O insucesso da “auditoria de imagem” promovida junto ao Supremo foi o dínamo responsável por Tarcísio de Freitas determinar que a engrenagem de sua assessoria abortasse o voo. Ele já havia protocolado no gabinete de Alexandre de Moraes, a quem chamou de “tirano”, um pedido para visitar o ex-presidente Jair Bolsonaro na prisão domiciliar – no cárcere em que se transformou a casa do condenado, no condomínio Solar de Brasília.

Empoleirados na sede nacional do Partido Liberal e atendendo aos grasnidos cada vez mais dissonantes de Valdemar da Costa Neto, os corvos da extrema direita exigiam do governador paulista justamente o contrário do que haviam recomendado os integrantes do STF fazendo uso de interlocutores.

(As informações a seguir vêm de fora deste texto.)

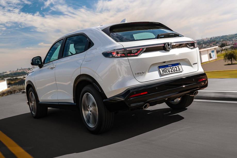 A traseira com caimento do teto bem marcado, quase de um SUV cupê, também permite reconhecer a mecânica. Nas versões 1.5 turbo as lanternas interligadas por uma barra iluminada são cinza quando estão apagadas. E ainda tem as duas saídas de escape destacadas pelo para-choque com visual próprio.
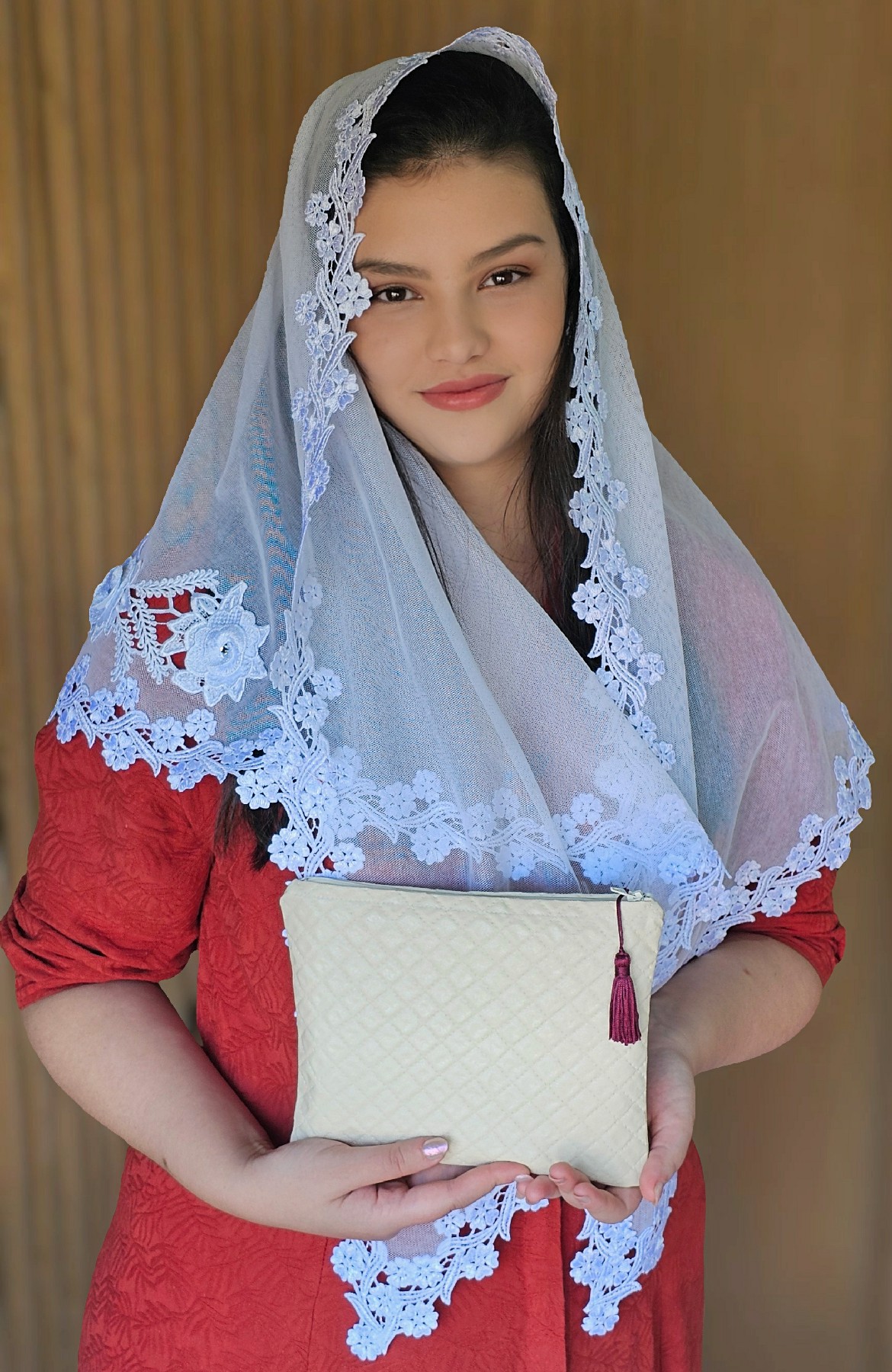 RETANGULAR = Também conhecido como Véu Quadrado, é o formato mais tradicional, o primeiro a existir, muito antes do Bico/Oval. Muitas irmãs ainda preferem esse formato. Ele é literalmente um retângulo, com a frente e costas retas, e com 4 bicos. Para quem prefere usar véus maiores, a grande vantagem do véu retangular é ser maior que o véu Bico/Oval. E talvez a maior desvantagem é por não serem anatômicos, as vezes costumam “embolar” no pescoço.

A corvolândia, ou corvosfera (os neologismos cabem aqui) pedia faca nos dentes, sangue nos olhos e nenhum pé no freio dos discursos e pronunciamentos que Tarcísio faria em Brasília. Daí, o homem que adora se vender como alguém da direita liberal que sabe usar os talheres e o latim na mesa dos grandes debates nacionais, recolheu os flaps e mandou retornarem para o hangar a aeronave que o levaria ao encontro da vida real. Ele simplesmente não sabia o que falar. O roteiro esboçado não expressava mais o que a personagem ficcional – o “bolsonarista civilizado” – deveria representar. É necessário novo brainstorming para os redatores e gestores de crise que o cercam definirem nova versão do script.

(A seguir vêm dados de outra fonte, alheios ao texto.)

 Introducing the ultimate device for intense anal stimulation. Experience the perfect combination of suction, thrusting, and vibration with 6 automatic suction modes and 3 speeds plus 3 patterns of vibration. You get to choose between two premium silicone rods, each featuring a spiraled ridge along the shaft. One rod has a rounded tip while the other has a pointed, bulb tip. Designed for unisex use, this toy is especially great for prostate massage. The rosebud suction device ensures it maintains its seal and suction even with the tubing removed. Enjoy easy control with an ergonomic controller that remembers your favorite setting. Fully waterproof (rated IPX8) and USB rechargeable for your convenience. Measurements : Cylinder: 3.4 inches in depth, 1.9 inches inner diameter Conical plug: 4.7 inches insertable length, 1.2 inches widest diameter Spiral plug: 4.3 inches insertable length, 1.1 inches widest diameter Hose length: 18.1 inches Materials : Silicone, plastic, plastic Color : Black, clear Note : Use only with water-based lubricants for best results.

O Palácio do Morumbi é uma espécie de Reino de Nárnia onde habita um ogro cuja fantasia de estadista rasgou na avenida Paulista no 7 de setembro passado. É dramático para Tarcísio de Freitas constatar que a sua Nárnia particular não tem a plaquinha de “Tão Tão Distante” de Brasília, como teria se fosse o condado de Shrek.

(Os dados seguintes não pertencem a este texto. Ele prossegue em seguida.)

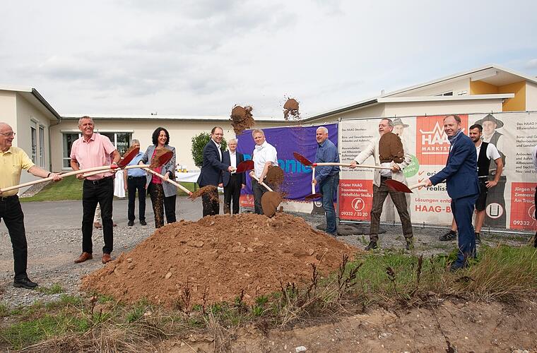 "Es ist ein Freudentag heute", sagte Diakonin Kerstin Baderschneider am Donnerstagnachmittag direkt neben dem Seniorenhaus Mühlenpark beim Spatenstich für die neue Großküche und eine Tagespflege. Für die Küche sei das, so die Dekanin, der Startschuss und die Baugenehmigung für die Tagespflege sollte bald erfolgen.

No Morumbi, a mula que zurra nos ouvidos deformados do ogro é um coletivo de marqueteiros reunidos sob o guarda-chuva do argentino Pablo Nobel (do doidivanas do Milei, carajo!), a soprar-lhe asneiras saídas do “Manual do Perfeito Idiota Extremista”. Se existisse, a autoria indubitável desse manual seria de Steve Bannon, o ideólogo da desequilibrada Doutrina Trump. No PL de Costa Neto e da ala ultrarradical da direita brasileira o redator-chefe dos roteiros boçais é Duda Lima, também signatário das cartas de falta de princípios de Bannon.

Por causa de assessoramento tão destrambelhado, de produtores de palco e de curadores de conteúdo tão deformados pelas redes sociais e pela balela de que o moderno é ser antipolítico, Tarcísio de Freitas ficou nu. O governador de São Paulo está nu, mas ainda está em cena. Recolheu-se às coxias do teatro da política porque os cacos da personagem caíram-lhe mal. Está só no camarim, não recebeu flores e tem sua competência como ator posta em dúvida. Está refletindo se não é melhor, no momento, resignar-se como coadjuvante restrito a atuações estaduais e arquivando momentaneamente o voo nacional.

A máscara de “hábil” caiu do alto do trio elétrico no qual subiu no 7 de setembro do bolsonarismo. Também lhe confiscaram a “bandeira verde” que assegurava livre-trânsito para circular em ambientes onde são traçados os rumos da Alta Política e esboçados os horizontes nacionais. Esse o preço que paga por ter dado apoio às chantagens tarifárias e comerciais ilegais de Donald Trump ao Brasil. Foi naquele momento em que emergiram em avalanche, nas redes sociais, a foto dele com o infame boné do movimento extremista “MAGA”. Dali, escalou para as mancadas em série com declarações esdrúxulas e inapropriadas de descrença no Poder Judiciário e de validação das tentativas de golpes de Estado empreendidas no país nos últimos tempos.

Nu, solitário e chamado à realidade da política pela força inexorável dos fatos e pela necessidade de encarnar um estadista – papel que não tem recursos para fazer caber em seu lenhado e duro chassi de militar formado nas Agulhas Negras, de ex-ministro de Jair Bolsonaro quando se tramou o mais vil golpe de Estado da História republicana porque foi urdido com os golpistas instalados dentro da máquina pública, com o poder nas mãos – Tarcísio Gomes de Freitas está prestes a renunciar ao voo nacional ao qual se cria fadado e pode anunciar em breve que se resignará a ficar em São Paulo.